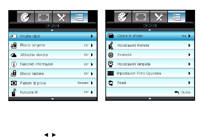 selezionare. Il proiettore non cercherà gli ingressi che non sono selezionati.
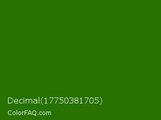 Decimal 17750381705 Color is a dark green color and the nearest color is Napier Green #2a8000. Hex code #277201 and RGB value is rgb(39,114,1). In RGB color space, this color is composed of 15% red, 45% green, 0% blue, In CMYK color space, this color is composed of 66% cyan, 0% magenta, 99% yellow , 55% black , In HSL color space, this color has a hue angle of 100° , 98% saturation and 23% lightness.
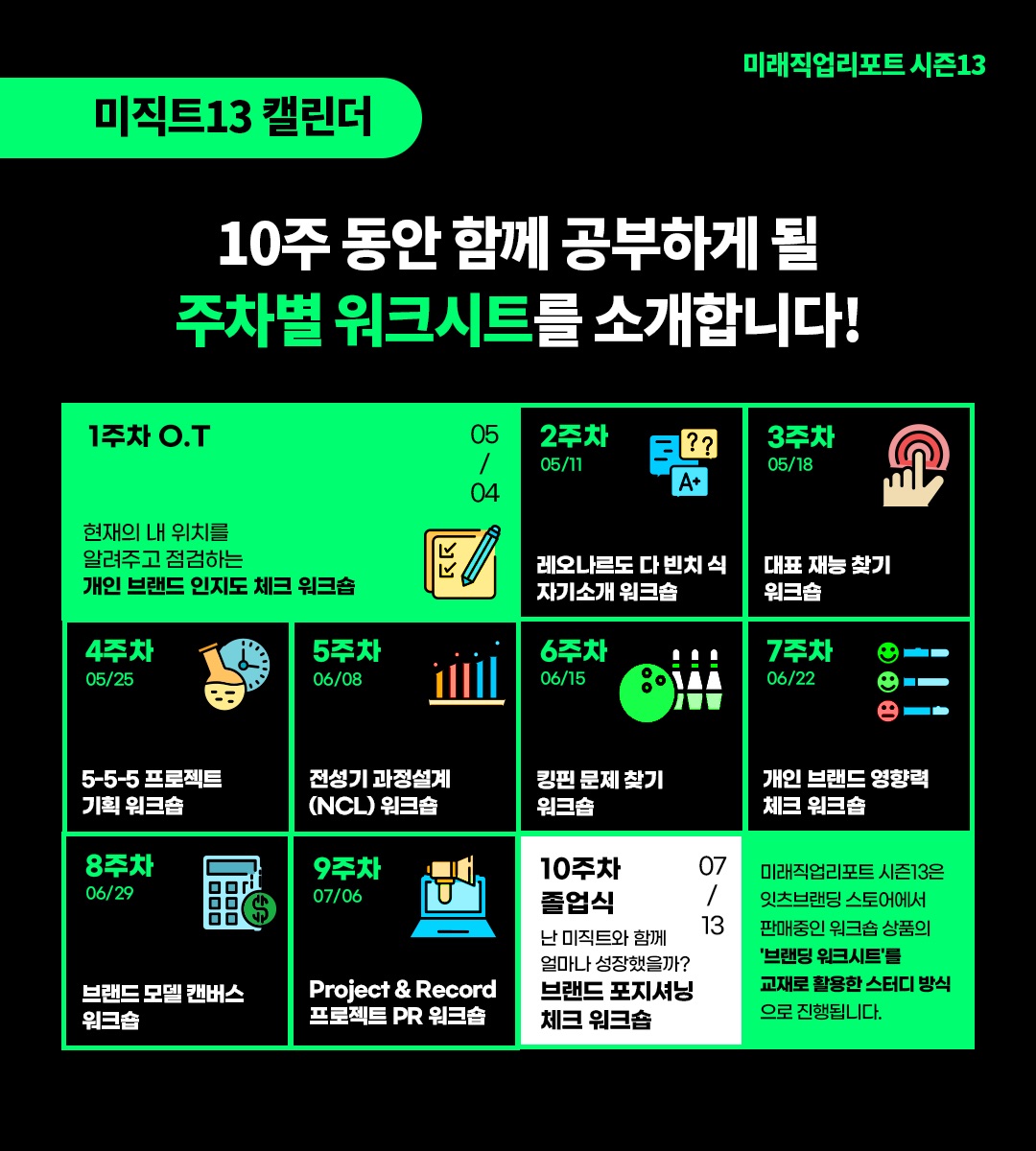 ☑️ 10주간의 일정 및 브랜딩 워크시트 목록
^^^^
§ AIM OF THE TASK
When you copy the data above, reproduce each line exactly and skip every image.

§ PROBLEM SOLUTION
 selezionare. Il proiettore non cercherà gli ingressi che non sono selezionati.
 Decimal 17750381705 Color is a dark green color and the nearest color is Napier Green #2a8000. Hex code #277201 and RGB value is rgb(39,114,1). In RGB color space, this color is composed of 15% red, 45% green, 0% blue, In CMYK color space, this color is composed of 66% cyan, 0% magenta, 99% yellow , 55% black , In HSL color space, this color has a hue angle of 100° , 98% saturation and 23% lightness.
 ☑️ 10주간의 일정 및 브랜딩 워크시트 목록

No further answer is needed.